Harbinger opens with a chase through trees and a description of the location as the “coast of somewhere hard to get to”. Right away you know what the tone of the piece is. Josh Ryan is the director and charismatic star of this highly entertaining comedy adventure short. He is fantastic as the hero Chase. What flaws the film has are more than forgivable because of this performance. He’s a cross between Ryan Reynolds and Jim Carey (don’t let this put you off).

The film is far from perfect. The sight lines of characters are all over the place in the opening, occasionally the music gets in the way of the dialogue, the young cast aren’t entirely convincing when playing figures of authority (people that would normally be several years older) but they play it with such enthusiasm you can’t help but be entertained. Imagine the kids from Super 8 grew up and all went to film school together. The dialogue is a scream and stay in your seats for the after credits scene.

This is technically a prequel to an earlier short film Treasure Hunt so you could say this is this column’s first double bill. My favourite of the three, check it out.

Fine By Me (Dir. William Stone)

Second up is this terrific British adventure film set in the lakes. A group of northern lads and one soft southerner reunite on a hike in the mountains which takes a shocking turn, putting them all in danger. What’s brilliant about this short thriller is the tonal shifts between terror and hilarity. It never feels like a parody but it is laugh out loud funny. Not only that but it finds time for group tension, a dash of North/South divide, hidden treasure and a bromance.

With excellent performances all round (Jack Crutch as James is a stand out), an excellent script co-written with Adam Pickford and additional story by Shane Mayer (also the camera operator), taut editing and convincing VFX, Fine By Me will keep you on the edge of your seat and split your sides at the same time.

The attention to detail in this film is very commendable. The sound design is used to great effect, especially little throwaway gags that give the whole thing a cheeky charm. The thrills are not overshadowed by the jokes at all and the relationship drama isn’t just tacked on. Overall, great fun and I could see it being expanded to a decent 90 minute feature.

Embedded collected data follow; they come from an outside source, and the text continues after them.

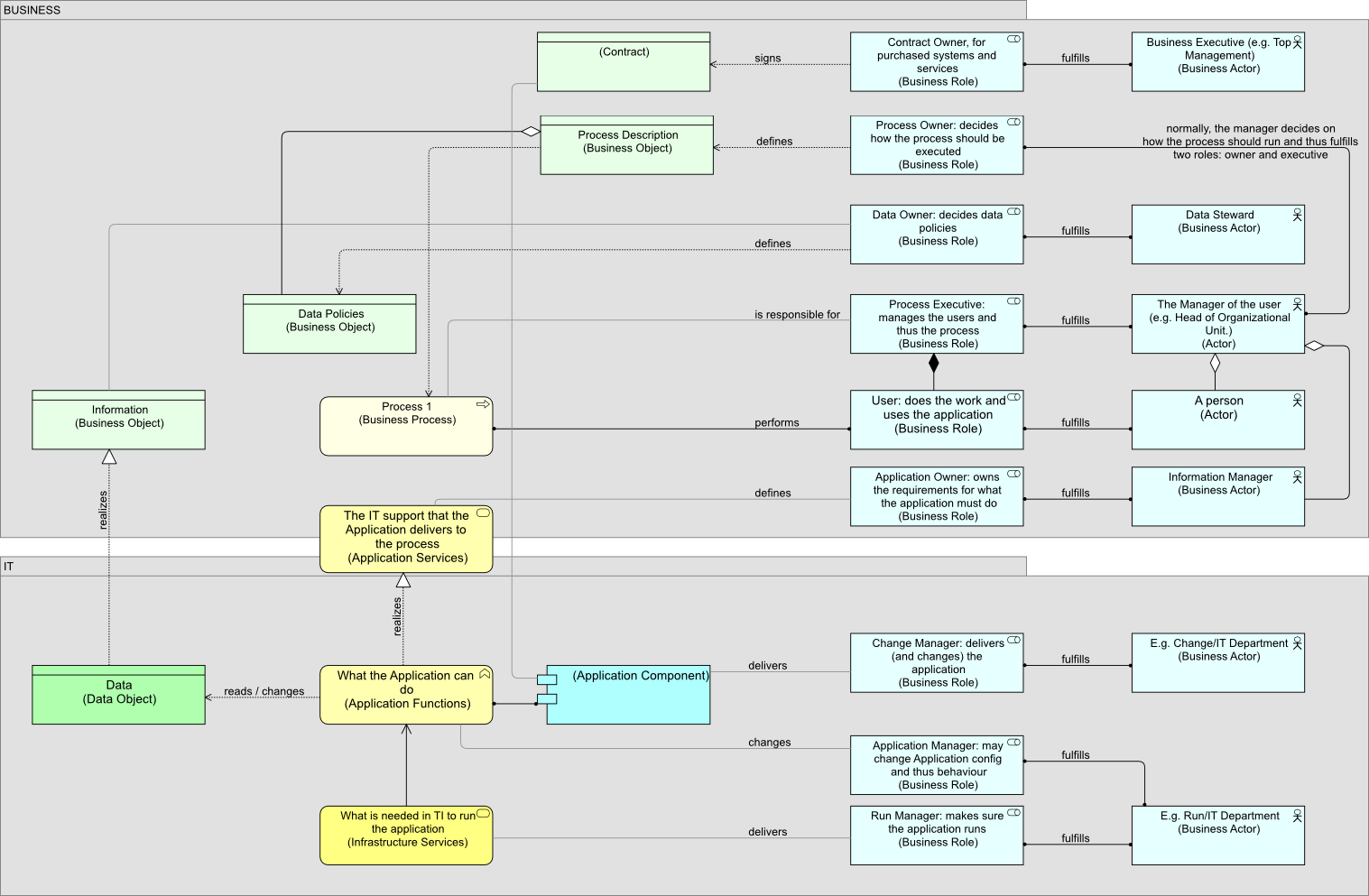 Note not everything is drawn here. If you look at the way the Data Owner’s responsibility is modeled (defines the Data Policies Business Object which is seen as an aggregated independent part of the Process Description), a likewise solution could be used for the Enterprise Architect, whose guidelines may be part of the application requirements and who was drawn in that earlier post. Or think of the Security Officer, whose requirements are an (independent, aggregated) part of Process Descriptions and Application Requirements.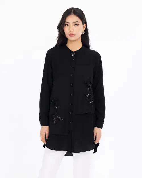 Payet ve nakışla detaylandıran tunik, inci düğmleriyle dikkat çekiyor. Şık okazyonlarda tercih edebileceğiniz tuniği, klasik pantolonlarınız ve topuklu ayakkabılarınızla tamamlayabilirsiniz.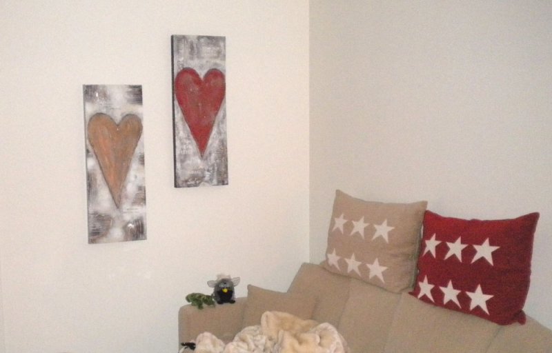 To hjertebilder som matcher de kule putene og sofaen godt! :-) |

Beyond (Dir. Jeremey Haccoun)

Okay, strap in because this next one is absolutely nuts. An amazing Spielberg-esque epic in ten thrill-soaked minutes. Jeremey Haccoun, who impressively has worked with Leonardo Di Caprio on a mobile phone ad campaign, is at the helm for this high octane short. A family driving through the desert is caught in a rockslide and it’s up to the seven year old son to save them. I’m serious.

With an impressive use of digital and physical effects, Beyond doesn’t skimp on the peril it puts its protagonists in. As one glimmer of triumph presents itself another threat rears up in its place. Things just keep getting worse until the truly explosive conclusion. It’s safe to say when you see this you will question why Haccoun hasn’t been offered a feature film, or at least second unit on an action movie.

The score by Siddhartha Barnhoorn adds a John Williams grandeur to proceedings and DoP Sergio Arguello delivers a Hollywood sheen to the production. Needless to say Aidan Flynn stands out as the kid who needs to save the day, but Jolene Kay is also great as the mother. Sadly Michael Dane, who plays the father, died. The film is dedicated to him.